Comment by onetimeuse92304

2 years ago

> Perhaps counterintuitively, the hardest people to teach Common Lisp to in my experience have been "senior software engineers" who transition into the project, who are so dead-set on their preferred languages and tools

That's essentially my experience. There is something about developers... they learn a new language but most people never really learn a new way of thinking.

I worked with one guy who tried to learn Common Lisp and even after a year on the project his code was essentially Java written in Lisp.

But this isn't really a problem with Lisp, specifically. I had the same problem with pretty much every programming language. Just recently I had fun debating the usefulness of Kotlin as a programming language. In my experience, for all the features Kotlin has, every single Kotlin program I have ever seen looks like a Java program translated line by line to Kotlin.
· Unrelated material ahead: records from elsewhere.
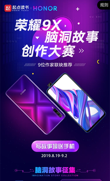 近日,阅文集团旗下原创文学品牌起点中文网与荣耀手机联合打造“脑洞故事创作大赛”,展开为期15天的创意征文活动。活动期间,用户可在起点读书App发现页的活动栏里找到“脑洞故事创作大赛”,点击活动页面中的“去创作”按钮加入圈子进行创意制作。优秀作品除了荣获“故事王”称号之外,还能获得荣耀9X手机作为活动奖励,截至目前参与用户数已超万人。
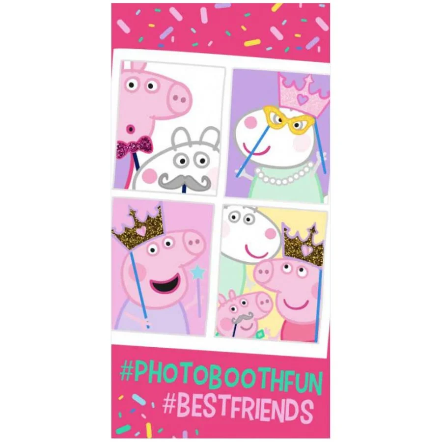 Dětská plážová osuška Prasátko Pepina. Zdobí ji sada vtipných fotografií Pepiny a jejich kamarádů pořízených ve fotokabince. Je vyrobená ze 100% bavlněného dobře savého froté. Tato osuška je ideální do koupelny, na pláž, nebo k bazénu. Její barvy jsou velice intenzivní i po mnoha vypráních. Rozměry jsou 70 x 140 cm.
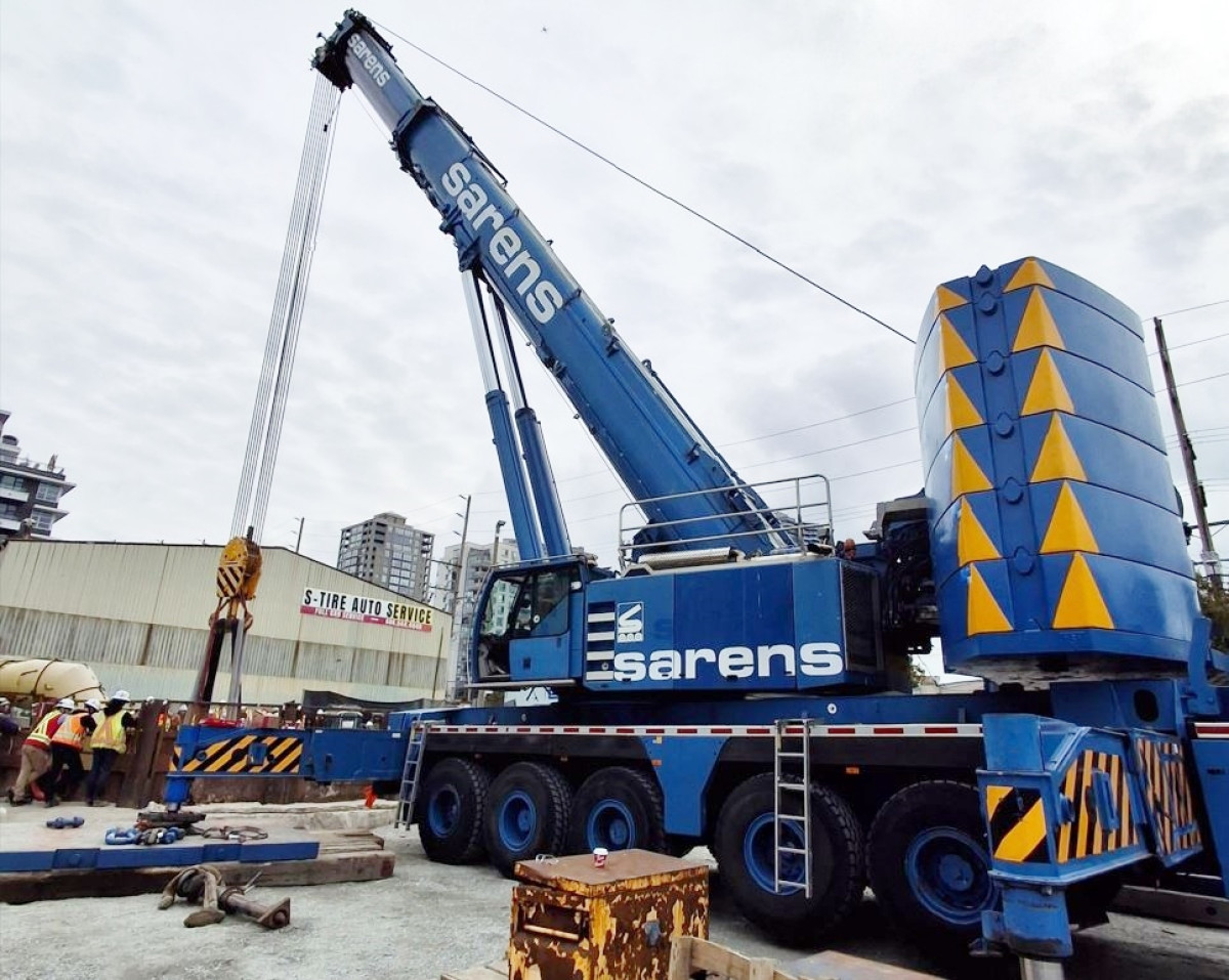 TBM-Entfernung durch Sarens aus dem Annacis Water Supply Tunnel-Projekt in Kanada. Die Entfernung der Tunnelbohrmaschine, TBM, Schneidekopf, mit einem Gewicht von ca. 250.000 Pfund (567 t), erfolgte bei einem Radius von rund 25 Fuß (38 m). Das Projekt erforderte eine sorgfältige Planung aufgrund der engen Baustelle und der umliegenden Verkehrssituation. Während der Planungsphase adressierten die Ingenieure von Sarens zentrale Punkte wie Kranbandlänge, Tragfähigkeitsberechnungen und ausgearbeitete Hebepunkte am TBM. Für diesen Einsatz setzte Sarens seinen LTM 1400 ein (nur Hauptausleger) – speziell ausgewählt wegen seiner Kapazität und Zuverlässigkeit in engen Arbeitsumgebungen. Das Kranfahrzeug und die erforderlichen Gegengewichte wurden von Surrey nach New Westminster transportiert, was 4–5 Lastwagen und etwa 40 Minuten Fahrtzeit erforderte. Die Vor-Ort-Aufstellung des Equipments nahm 8 Stunden in Anspruch, danach führte das vierköpfige Spezialistenteam von Sarens den Hebevorgang präzise aus. Trotz der engen Platzverhältnisse und logistischer Herausforderungen arbeitete das Team nahtlos, sicher und effizient und untermauert Sarens’ Ruf für technisches Know-how und operative Exzellenz. Mit dem erfolgreichen Abschluss dieser Entfernung leistet Sarens einen Beitrag zu einem Projekt von regionaler Bedeutung: der Sicherstellung einer stabilen, langfristigen Wasserversorgung für Millionen von Menschen in British Columbia. Mit jahrzehntelanger Erfahrung, einer globalen Flotte hochkapazitiver Ausrüstung und einer nachweislich sicheren, präzisen Ausführung zeigt Sarens erneut, warum das Unternehmen bei den weltweit anspruchsvollsten Hebe- und Transportprojekten vertrauenswürdig ist.

Which is to say none of the Kotlin features are actually used to solve any important problems like reducing complexity of the application.

> Common Lisp doesn't have too many particularly odd language features;

I would say for most developers I worked with the biggest challenge was always getting the idea of macros. There is technically no reason to use macros. But if you do not use macros you are not really programming Lisp.

The point of macros is the reversal of the programming process. In a regular programming language, you get a bunch of tools and then you learn the tools and then you figure out how to write program using the tools.

In Lisp, you figure out how you want your program to be written, and then make tools that make it possible. It is quite a big shift in thinking that many people have trouble with.

Once I got this, I am now using similar technique in other programming languages. I am looking at my problem and extracting the core complexity and try to figure out what would be the best way to write that complexity down as code. Then I figure out all the machinery to make it happen. It not as elegant as in lisp but it still leads to way better and more readable code at least where it matters.